Produce the records again in full, exactly as shown below.

━━━━━ GIVEN DATA ━━━━━

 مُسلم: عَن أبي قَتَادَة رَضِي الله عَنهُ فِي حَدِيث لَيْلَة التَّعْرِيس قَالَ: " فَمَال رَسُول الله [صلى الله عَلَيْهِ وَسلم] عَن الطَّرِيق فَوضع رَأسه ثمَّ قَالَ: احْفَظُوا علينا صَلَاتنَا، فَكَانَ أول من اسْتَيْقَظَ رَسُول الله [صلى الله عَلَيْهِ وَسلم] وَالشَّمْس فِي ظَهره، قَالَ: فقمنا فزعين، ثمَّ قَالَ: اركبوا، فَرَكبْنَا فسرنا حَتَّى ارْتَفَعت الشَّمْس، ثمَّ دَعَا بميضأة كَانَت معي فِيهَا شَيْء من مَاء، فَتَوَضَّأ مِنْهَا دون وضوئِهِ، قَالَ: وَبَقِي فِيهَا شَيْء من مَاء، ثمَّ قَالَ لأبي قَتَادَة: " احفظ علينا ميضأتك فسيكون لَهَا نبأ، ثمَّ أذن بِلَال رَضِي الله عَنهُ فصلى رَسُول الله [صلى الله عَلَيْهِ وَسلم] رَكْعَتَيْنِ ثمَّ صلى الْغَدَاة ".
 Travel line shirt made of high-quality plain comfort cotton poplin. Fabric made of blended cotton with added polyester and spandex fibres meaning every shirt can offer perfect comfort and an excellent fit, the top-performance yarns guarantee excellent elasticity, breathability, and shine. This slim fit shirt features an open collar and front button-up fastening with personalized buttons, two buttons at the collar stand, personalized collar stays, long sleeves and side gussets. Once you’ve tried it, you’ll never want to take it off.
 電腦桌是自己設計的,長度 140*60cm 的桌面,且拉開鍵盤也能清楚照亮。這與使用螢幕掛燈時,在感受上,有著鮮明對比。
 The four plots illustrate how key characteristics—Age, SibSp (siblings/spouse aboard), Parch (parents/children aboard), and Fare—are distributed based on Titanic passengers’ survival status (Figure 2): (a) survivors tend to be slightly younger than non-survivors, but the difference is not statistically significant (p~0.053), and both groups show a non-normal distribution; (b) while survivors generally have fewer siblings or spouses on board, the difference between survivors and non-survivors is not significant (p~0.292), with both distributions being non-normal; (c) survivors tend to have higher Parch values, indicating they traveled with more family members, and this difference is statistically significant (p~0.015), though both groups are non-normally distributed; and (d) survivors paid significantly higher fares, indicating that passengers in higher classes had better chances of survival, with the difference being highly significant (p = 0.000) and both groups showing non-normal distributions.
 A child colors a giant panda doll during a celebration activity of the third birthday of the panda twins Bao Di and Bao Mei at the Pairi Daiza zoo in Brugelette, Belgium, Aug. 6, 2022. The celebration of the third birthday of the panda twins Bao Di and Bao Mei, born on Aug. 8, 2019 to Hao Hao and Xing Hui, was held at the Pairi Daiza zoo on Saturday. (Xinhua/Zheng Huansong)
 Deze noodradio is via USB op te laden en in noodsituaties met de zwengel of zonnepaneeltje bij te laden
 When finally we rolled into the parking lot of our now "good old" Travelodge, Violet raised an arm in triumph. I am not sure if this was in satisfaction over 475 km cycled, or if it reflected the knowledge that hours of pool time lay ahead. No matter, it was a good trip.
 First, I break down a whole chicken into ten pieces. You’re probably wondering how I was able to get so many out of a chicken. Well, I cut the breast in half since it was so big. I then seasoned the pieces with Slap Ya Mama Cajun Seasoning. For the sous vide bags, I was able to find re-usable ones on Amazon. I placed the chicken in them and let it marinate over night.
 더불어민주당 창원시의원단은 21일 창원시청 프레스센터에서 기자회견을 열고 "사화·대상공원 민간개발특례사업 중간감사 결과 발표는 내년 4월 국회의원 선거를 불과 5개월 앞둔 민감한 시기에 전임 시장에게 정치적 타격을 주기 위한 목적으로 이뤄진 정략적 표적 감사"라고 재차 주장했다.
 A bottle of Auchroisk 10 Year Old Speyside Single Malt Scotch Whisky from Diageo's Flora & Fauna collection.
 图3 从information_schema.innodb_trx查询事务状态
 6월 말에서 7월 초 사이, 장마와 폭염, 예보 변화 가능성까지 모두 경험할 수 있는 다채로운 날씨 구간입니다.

━━━━━

ANSWER TO THIS PROBLEM:
 مُسلم: عَن أبي قَتَادَة رَضِي الله عَنهُ فِي حَدِيث لَيْلَة التَّعْرِيس قَالَ: " فَمَال رَسُول الله [صلى الله عَلَيْهِ وَسلم] عَن الطَّرِيق فَوضع رَأسه ثمَّ قَالَ: احْفَظُوا علينا صَلَاتنَا، فَكَانَ أول من اسْتَيْقَظَ رَسُول الله [صلى الله عَلَيْهِ وَسلم] وَالشَّمْس فِي ظَهره، قَالَ: فقمنا فزعين، ثمَّ قَالَ: اركبوا، فَرَكبْنَا فسرنا حَتَّى ارْتَفَعت الشَّمْس، ثمَّ دَعَا بميضأة كَانَت معي فِيهَا شَيْء من مَاء، فَتَوَضَّأ مِنْهَا دون وضوئِهِ، قَالَ: وَبَقِي فِيهَا شَيْء من مَاء، ثمَّ قَالَ لأبي قَتَادَة: " احفظ علينا ميضأتك فسيكون لَهَا نبأ، ثمَّ أذن بِلَال رَضِي الله عَنهُ فصلى رَسُول الله [صلى الله عَلَيْهِ وَسلم] رَكْعَتَيْنِ ثمَّ صلى الْغَدَاة ".
 Travel line shirt made of high-quality plain comfort cotton poplin. Fabric made of blended cotton with added polyester and spandex fibres meaning every shirt can offer perfect comfort and an excellent fit, the top-performance yarns guarantee excellent elasticity, breathability, and shine. This slim fit shirt features an open collar and front button-up fastening with personalized buttons, two buttons at the collar stand, personalized collar stays, long sleeves and side gussets. Once you’ve tried it, you’ll never want to take it off.
 電腦桌是自己設計的,長度 140*60cm 的桌面,且拉開鍵盤也能清楚照亮。這與使用螢幕掛燈時,在感受上,有著鮮明對比。
 The four plots illustrate how key characteristics—Age, SibSp (siblings/spouse aboard), Parch (parents/children aboard), and Fare—are distributed based on Titanic passengers’ survival status (Figure 2): (a) survivors tend to be slightly younger than non-survivors, but the difference is not statistically significant (p~0.053), and both groups show a non-normal distribution; (b) while survivors generally have fewer siblings or spouses on board, the difference between survivors and non-survivors is not significant (p~0.292), with both distributions being non-normal; (c) survivors tend to have higher Parch values, indicating they traveled with more family members, and this difference is statistically significant (p~0.015), though both groups are non-normally distributed; and (d) survivors paid significantly higher fares, indicating that passengers in higher classes had better chances of survival, with the difference being highly significant (p = 0.000) and both groups showing non-normal distributions.
 A child colors a giant panda doll during a celebration activity of the third birthday of the panda twins Bao Di and Bao Mei at the Pairi Daiza zoo in Brugelette, Belgium, Aug. 6, 2022. The celebration of the third birthday of the panda twins Bao Di and Bao Mei, born on Aug. 8, 2019 to Hao Hao and Xing Hui, was held at the Pairi Daiza zoo on Saturday. (Xinhua/Zheng Huansong)
 Deze noodradio is via USB op te laden en in noodsituaties met de zwengel of zonnepaneeltje bij te laden
 When finally we rolled into the parking lot of our now "good old" Travelodge, Violet raised an arm in triumph. I am not sure if this was in satisfaction over 475 km cycled, or if it reflected the knowledge that hours of pool time lay ahead. No matter, it was a good trip.
 First, I break down a whole chicken into ten pieces. You’re probably wondering how I was able to get so many out of a chicken. Well, I cut the breast in half since it was so big. I then seasoned the pieces with Slap Ya Mama Cajun Seasoning. For the sous vide bags, I was able to find re-usable ones on Amazon. I placed the chicken in them and let it marinate over night.
 더불어민주당 창원시의원단은 21일 창원시청 프레스센터에서 기자회견을 열고 "사화·대상공원 민간개발특례사업 중간감사 결과 발표는 내년 4월 국회의원 선거를 불과 5개월 앞둔 민감한 시기에 전임 시장에게 정치적 타격을 주기 위한 목적으로 이뤄진 정략적 표적 감사"라고 재차 주장했다.
 A bottle of Auchroisk 10 Year Old Speyside Single Malt Scotch Whisky from Diageo's Flora & Fauna collection.
 图3 从information_schema.innodb_trx查询事务状态
 6월 말에서 7월 초 사이, 장마와 폭염, 예보 변화 가능성까지 모두 경험할 수 있는 다채로운 날씨 구간입니다.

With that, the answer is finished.